The GitHub Action does not accept .aab files because its Android input validation requires .apk. Use the Automation API for App Bundle workflows.

iOS IPA

- name: Protect iOS IPA
  uses: AppTego/apptego-mobile-protect@v1
  with:
    api-key: ${{ secrets.APPTEGO_API_KEY }}
    platform: ios
    file-path: ./build/MyApp.ipa
    version: prod
    timeout: 3600  # iOS builds may take longer

Multi-Platform

Run Android and iOS protection as separate jobs so platform-specific build tooling, runner type, and timeouts can be managed independently.

jobs:
  protect-android:
    runs-on: ubuntu-latest
    steps:
      - uses: AppTego/apptego-mobile-protect@v1
        with:
          api-key: ${{ secrets.APPTEGO_API_KEY }}
          platform: android
          file-path: ./app-release.apk

  protect-ios:
    runs-on: macos-latest
    steps:
      - uses: AppTego/apptego-mobile-protect@v1
        with:
          api-key: ${{ secrets.APPTEGO_API_KEY }}
          platform: ios
          file-path: ./MyApp.ipa

Large File Support

Files 100 MB or larger are automatically uploaded using multipart chunked upload. No configuration is needed; the action handles this transparently.

Release Workflow Tips

Tip	Why it helps
Use `version: staging` for pull request or release-candidate validation.	Keeps production policy reserved for approved releases.
Archive the protected output and AppTego job ID.	Makes support, audit, and release rollback easier.
Avoid parallel protection jobs beyond your plan limit.	Prevents avoidable `429` responses.
Run smoke tests against the protected artifact.	Confirms the released app, not just the original build, behaves correctly.
Keep secrets out of command output.	Prevents automation keys from appearing in logs.

Troubleshooting

Timeout

Increase the timeout input if protection jobs time out. Larger apps and iOS artifacts may need more time.

Authentication Failure

Verify your APPTEGO_API_KEY secret is correctly formatted as key_id:key_secret and the key is active in the AppTego Portal.

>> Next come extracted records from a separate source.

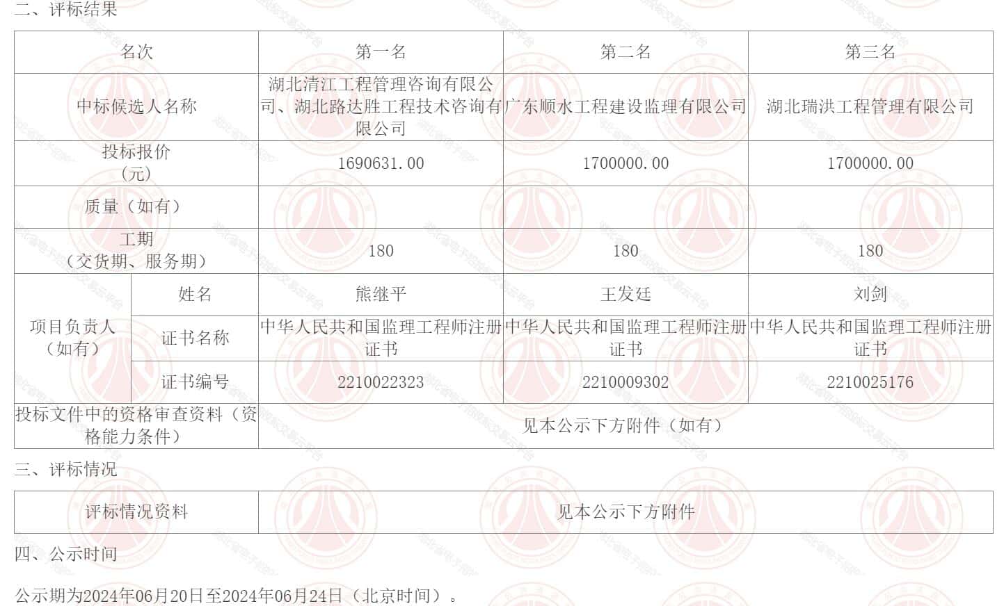 中标候选人名称 湖北清江工程管理咨询有限公司、湖北路达胜工程技术咨询有限公司 广东顺水工程建设监理有限公司 湖北瑞洪工程管理有限公司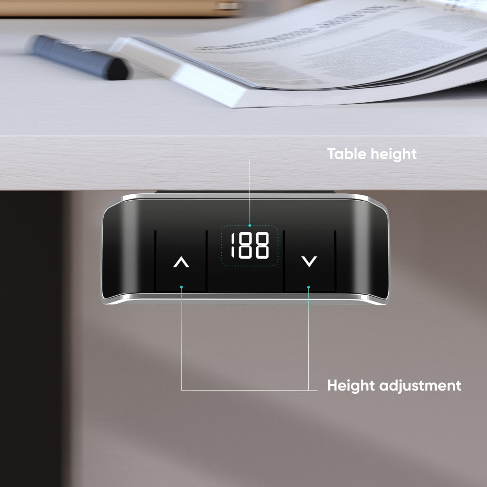 Summary ONKRON WDF221E-B. Maximum weight capacity: 70 kg, Height adjustment type: Electric, Maximum speed: 25 mm/sec. Minimum height: 71 cm, Maximum height: 118 cm. Package width: 1044 mm, Package depth: 375 mm, Package height: 105 mm. AC adapter input voltage: 100-240 V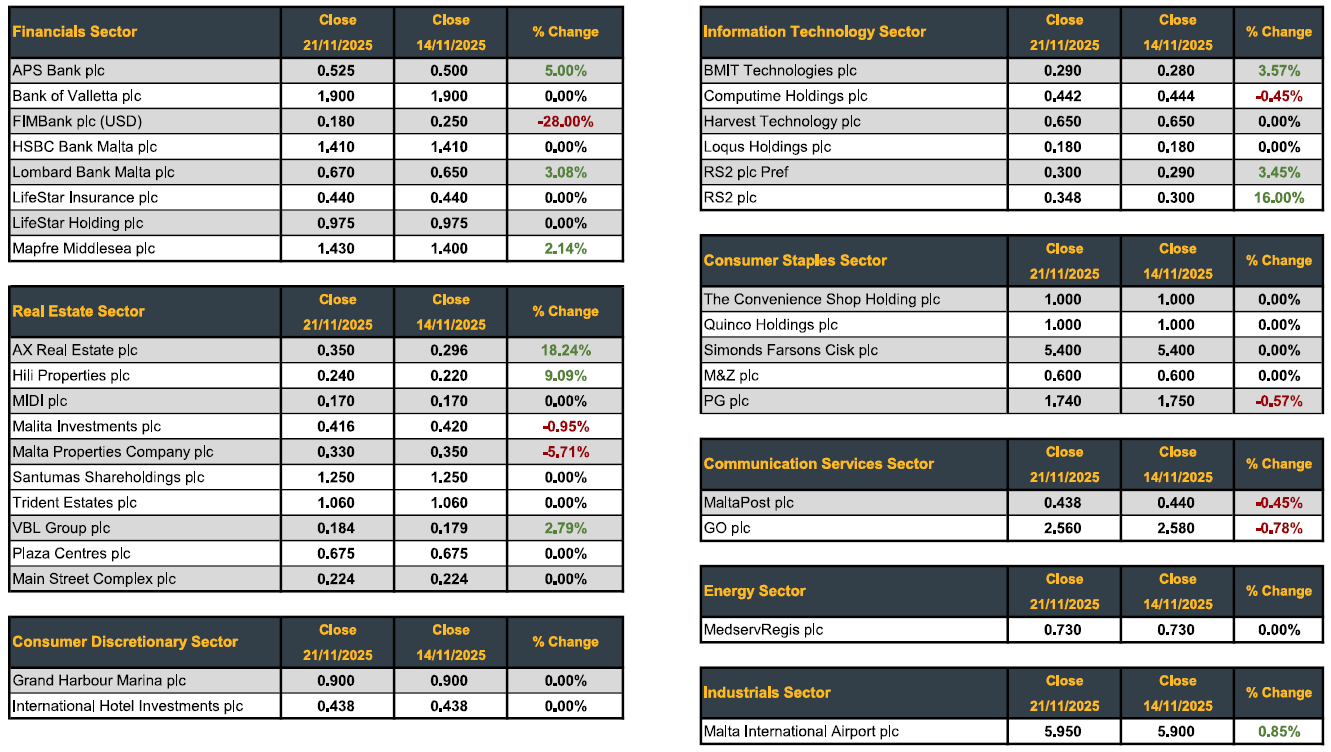 Meanwhile, Mapfre Middlesea plc registered a gain of 2.1%. The equity traded at a weekly low of €1.20 before rising to €1.43. Activity was spread across five transactions, with 22,240 shares exchanged for a total turnover of €26,706.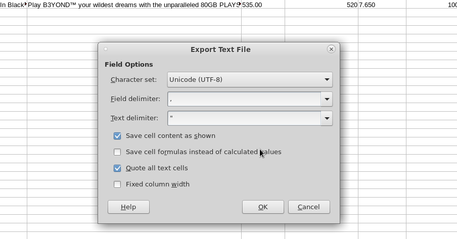 - Ако запазвате файла като .csv се осигурете, че настройките на експорта са идентични с тези на картинката.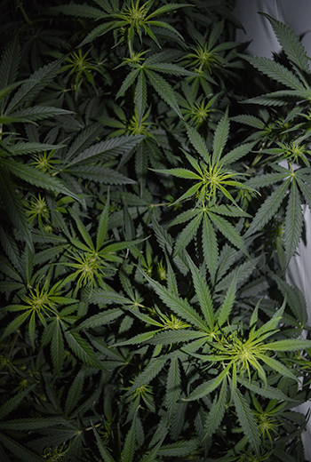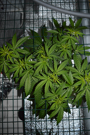 De twee planten waarvan ik de zaden als laatste ontkiemde zijn natuurlijk wel een stuk kleiner. Toch heb ik de klok op 30 november gewoon op 12/12 gezet, met de lampen gedimd tot 300 Watt per lamp. De twee grootste planten zijn al behoorlijke struiken. Een plant heeft het scrogrek bijna vol, en groeit met vier hoofdtakken vanaf de stam. Wietplant nummero twee (een kleintje) is nog voor het ingaan van de bloei getopt. Dame nummer drie wordt ook al een grote struik, en heeft slechts twee hoofdtakken. De vierde plant is ook een kleintje en is zonder training of toppen gewoon gegroeid zoals ze groeide. Deze hoef ik alleen op te binden.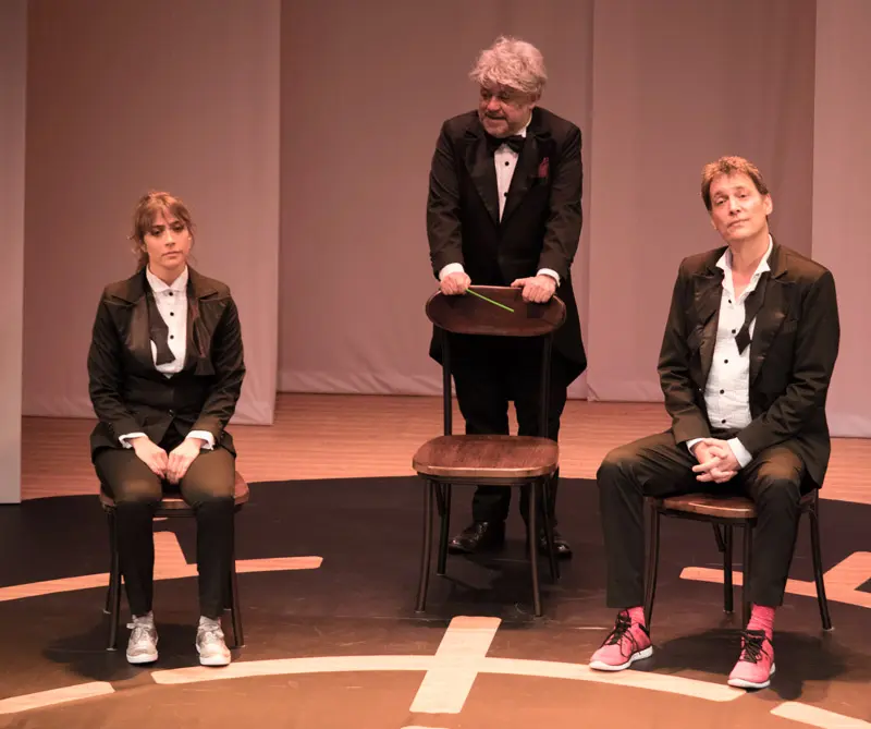 En esta comedia, que estará en temporada en el Teatro Nacional Fanny Mikey hasta el 28 de mayo, el elenco reemplaza la utilería acudiendo a sus capacidades interpretativas, evoca por momentos el trabajo de los mimos y hace que el público ni siquiera tenga que imaginarse el tiempo ni el espacio porque la escenografía (que estuvo a cargo de Tatiana Aricapa) es un concepto que resalta la intención de los personajes.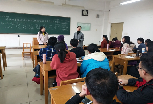 2015与2017级计算机科学与技术专业(免师)在长安校区文津楼1417举行了实习经验交流会。2015级计科专业5位实习生代表及2017级计科专业全体学生参加了本次交流会。2015级计科专业班主任苏玉萍老师,2017级计科专业班主任刘明老师、杨楷芳老师,以及2017级辅导员陈应权老师参加了会议。会议由2015级计科专业学生黄娅倩主持。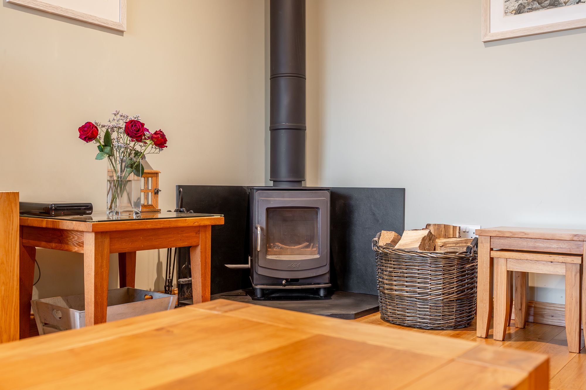 Entrance vestibule; welcoming hallway with stairs to the upper level; spacious front lounge with log-burning stove and dual-aspect windows; large open-plan dining kitchen fitted with a range of high-quality cabinetry and a selection of premium integrated appliances, including a fantastic electric-powered Everhot range cooker; ground-floor bedroom with smart en-suite shower room; and a handy downstairs W/C.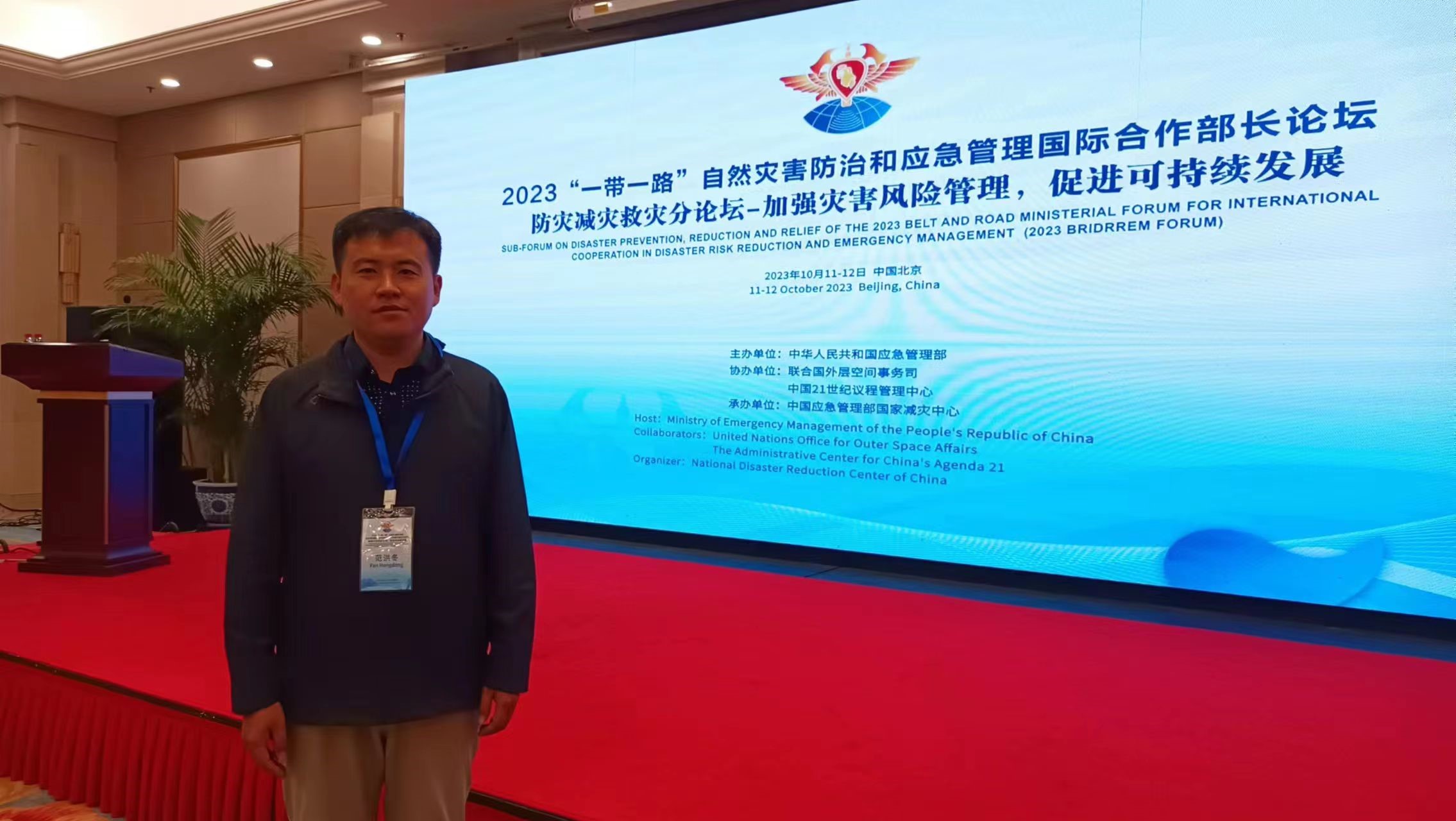 2023年10月11日-12日,2023“一带一路”自然灾害防治和应急管理国际合作部长论坛分论坛防灾减灾救灾在中国北京召开,主题为“加强灾害风险管理,促进可持续发展”。联合国以及亚洲、非洲和拉丁美洲等多个国家灾害管理机构发表演讲,近200名与会者参会。我院自然资源部国土环境与灾害监测重点实验室副主任范洪冬教授应邀参会,研讨交流防灾减灾救灾方面的相关技术与理念。

Unsupported File Extension

For platform: android, the action expects an .apk file. For platform: ios, it expects an .ipa file. Use the Automation API for Android .aab files.

Build Limit Exceeded

If you get a 429 error, you've hit your concurrent build limit. Ensure previous builds have completed before starting new ones and avoid parallel protection jobs.

Artifact Not Found

Confirm the mobile build step produced the file at file-path, and that the path is relative to the working directory used by the protection step.